Let me also say that I can still rerun the experiments for the (hopefully 
subsequent) camera-ready version if the problem takes longer to fix.


Cheers,
Ingo


> -----Original Message-----
> From: Müller Ingo <[email protected]>
> Sent: Tuesday, August 10, 2021 5:34 PM
> To: [email protected]
> Subject: RE: Increasing degree of parallelism when reading Parquet files
> 
> Hey Mike!
> 
> Thanks for confirming! I am happy to test any fixes that you may come up with.
> If the happens to be simple and is fixed before Friday, I can still include 
> it in the
> revision I am currently working on ;) Otherwise, it'd be great to be able to
> mention a Jira issue or similar (maybe this mailing list thread is enough?) 
> that I
> can refer to.
> 
> Cheers,
> Ingo
> 
> 
> > -----Original Message-----
> > From: Michael Carey <[email protected]>
> > Sent: Tuesday, August 10, 2021 4:36 PM
> > To: [email protected]
> > Subject: Re: Increasing degree of parallelism when reading Parquet
> > files
> >
> > Ingo,
> >
> > Got it!  It sounds like we indeed have a parallelism performance bug
> > in the area of threading for S3, then.  Weird!  We'll look into it...
> >
> >
> > Cheers,
> >
> > Mike
> >
> >
> > On 8/9/21 11:21 PM, Müller Ingo wrote:
> >
> >
> >     Hey Mike,
> >
> >     Just to clarify: "partitions" is the same thing as I/O devices,
> > right? I have configured 48 of those via "[nc]\niodevices=..." and see
> > the corresponding folders with content show up on the file system.
> > When I vary the number of these devices, I see that all other storage
> > format change the degree of parallelism with my queries. That
> > mechanism thus seems to work in general. It just doesn't seem to work
> > for Parquet on S3. (I am not 100% sure if I tried other file formats
> > on S3.)
> >
> >     I have also tried to set compiler.parallelism to 4 for Parquet files
> > on HDFS with a file:// path and did not see any effect, i.e., it used
> > 48 threads, which corresponds to the number of I/O devices. However,
> > with what Dmitry said, I guess that this is expected behavior and the
> > flag should only influence the degree of parallelism after exchanges (which 
> > I
> don't have in my queries).
> >
> >     Cheers,
> >     Ingo
> >
> >
> >
> >             -----Original Message-----
> >             From: Michael Carey <[email protected]>
> > <mailto:[email protected]>
> >             Sent: Monday, August 9, 2021 10:10 PM
> >             To: [email protected]
> > <mailto:[email protected]>
> >             Subject: Re: Increasing degree of parallelism when reading
> Parquet
> > files
> >
> >             Ingo,
> >
> >             Q: In your Parquet/S3 testing, what does your current cluster
> > configuration look
> >             like?  (I.e., how many partitions have you configured it with -
> > physical storage
> >             partitions that is?)  Even though your S3 data isn't stored 
> > inside
> > AsterixDB in this
> >             case, the system still uses that info to decide how many 
> > parallel
> > threads to use
> >             at the base of its query plans.  (Obviously there is room for
> > improvement on that
> >             behavior for use cases involving external storage. :-))
> >
> >
> >             Cheers,
> >
> >             Mike
> >
> >
> >             On 8/9/21 12:28 PM, Müller Ingo wrote:
> >
> >
> >                     Hi Dmitry,
> >
> >                     Thanks a lot for checking! Indeed, my queries do not
> have an
> > exchange.
> >             However, the number of I/O devices has indeed worked well in
> many
> > cases:
> >             when I tried the various VM instance sizes, I always created as
> many
> > I/O devices
> >             as there were physical cores (i.e., half the number of logical
> > CPUs).
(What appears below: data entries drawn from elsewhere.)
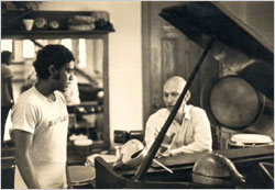 In 1970, Pandit Das received a Whitney Fellowship to teach Indian dance at the University of Maryland. With this entrée to the West, he began forging his own path as a pioneer bringing kathak and its rich cultural heritage to America. In 1971, he was invited by Ustad Ali Akbar Khan to join the Ali Akbar College of Music (AACM), where he established a rigorous dance program. Ali Akbar Khansahib’s college supported the development of another abundant period for Indian classical arts–this time, based in the US. During its heyday, the Ali Akbar College of Music sponsored several Indian artists of great renown, including Pt. Nikhil Bannerjee, Smt. Lakshmi Shankar, Pt. Shankar Ghosh, Ust. Alla Rakha, Pt. G.S. Sachdev, Pt. Dhyanesh Khan, Pt. Aashish Khan, Ust. Zakir Hussain, Pt. Swapan Chaudhuri, and others. Pandit Das was tremendously inspired by Ali Akbar Khansahib’s musical genius and created several choreographed works set to Khansahib’s music. Khansahib’s senior American disciples, particularly Peter van Gelder, George Ruckert, James Pomerantz, and Chris Ris, accompanied countless solo performances and dance productions. Dr. George Ruckert composed the music for many productions, including Gold Rush and Sita Haran. Decades later, Dr. Ruckert’s teaching inspired doctoral student Sarah Morelli to study with Ali Akbar Khansahib and Pandit Das, which led to the publication of A Guru’s Journey, her comprehensive book on Pandit Das’s development of the California Gharana of kathak. Today as a principal artist at Leela and professor of Ethnomusicology at the University of Denver, Dr. Sarah Morelli continues to nurture the musical sensibilities of the California Gharana, profoundly influenced by Khansahib’s music.
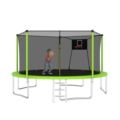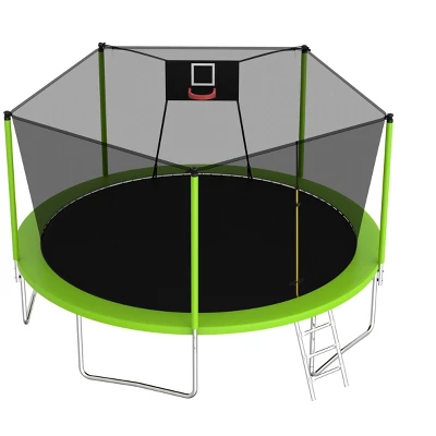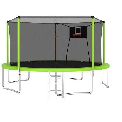 - Safety First-14 FT Trampoline is equipt with 5 high safety enclosure poles and heavy gauge galvanized rust resistance steel construction. 5 W-shaped legs secure stability.
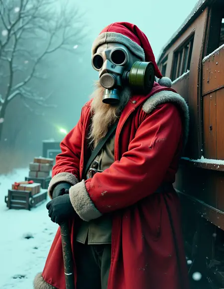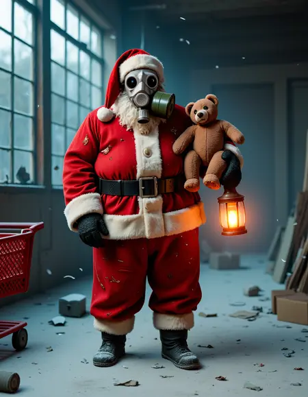 有时可能生成的结果中没有防毒面具滤芯,此时建议您在提示词中额外添加滤芯描述。
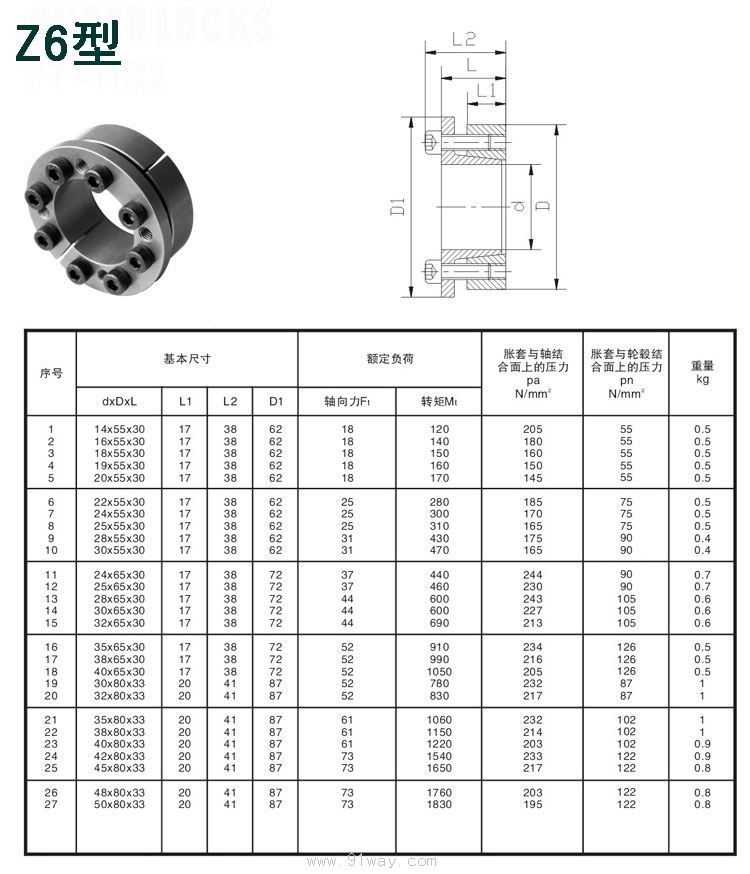 | 產品名稱: | Z6型脹緊聯結套 | |||||
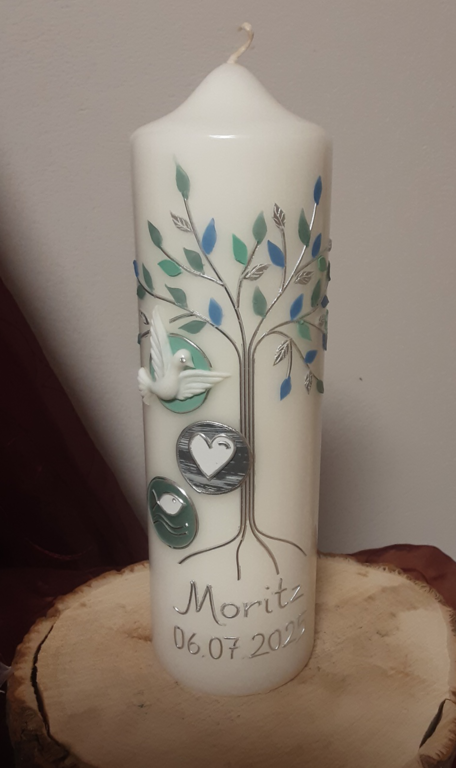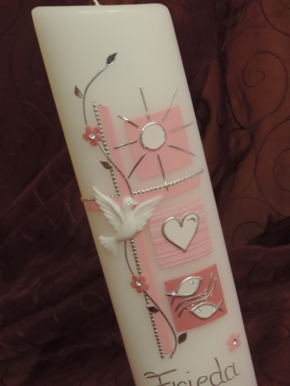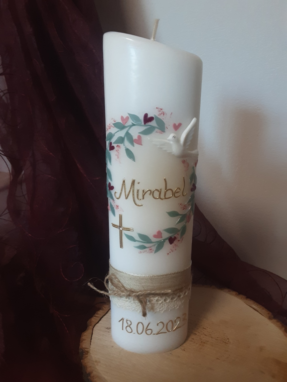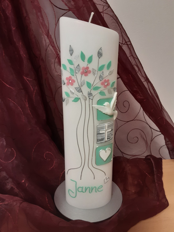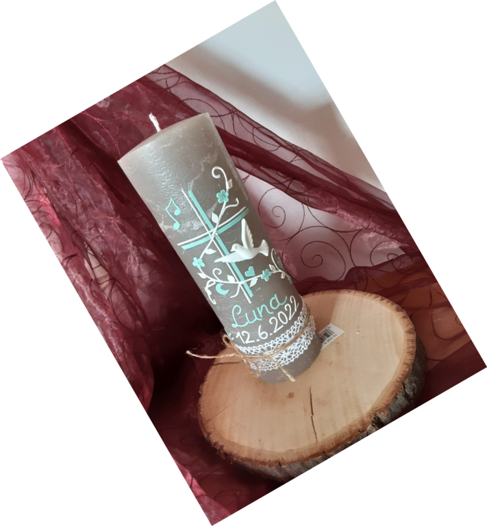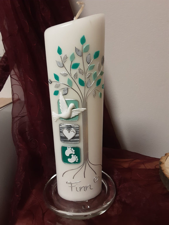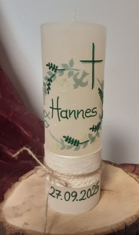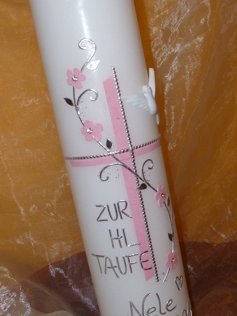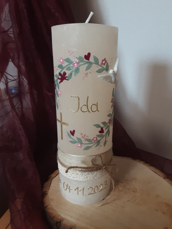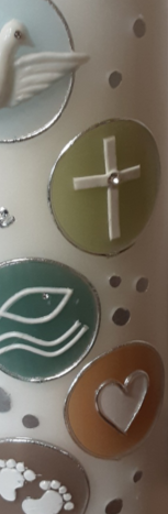 Ich habe viele verschiedene Motive, in verschiedenen Farben und Preislagen zur Auswahl, falls ein Foto des Täuflings auf der Kerze gewünscht wird, bitte ein Bild (noch nicht zurechtgeschnitten) mitbringen. Es ist auch möglich den Taufspruch, z.B. auf die Rückseite der Kerze, zu schreiben.
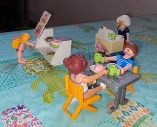 Figuras de Playmobil con puesto de dulces, mesa y sillas para merendar

For internal
> >             storage as well as HDFS (both using the hdfs:// and the file://
> > protocol), I saw
> >             the full system being utilized. However, just for the case of
> > Parquet on S3, I
> >             cannot seem to make it use more than 16 cores.
> >
> >                     Cheers,
> >                     Ingo
> >
> >
> >
> >                             -----Original Message-----
> >                             From: Dmitry Lychagin
> > <[email protected]>
> <mailto:[email protected]>
> >             <mailto:[email protected]>
> > <mailto:[email protected]>
> >                             Sent: Monday, August 9, 2021 9:10 PM
> >                             To: [email protected]
> > <mailto:[email protected]>
> >             <mailto:[email protected]>
> > <mailto:[email protected]>
> >                             Subject: Re: Increasing degree of parallelism
> when reading
> >             Parquet files
> >
> >                             Hi Ingo,
> >
> >                             I checked the code and it seems that when
> scanning external
> >             datasource we're
> >                             using the same number of cores as there are
> configured storage
> >             partitions (I/O
> >                             devices).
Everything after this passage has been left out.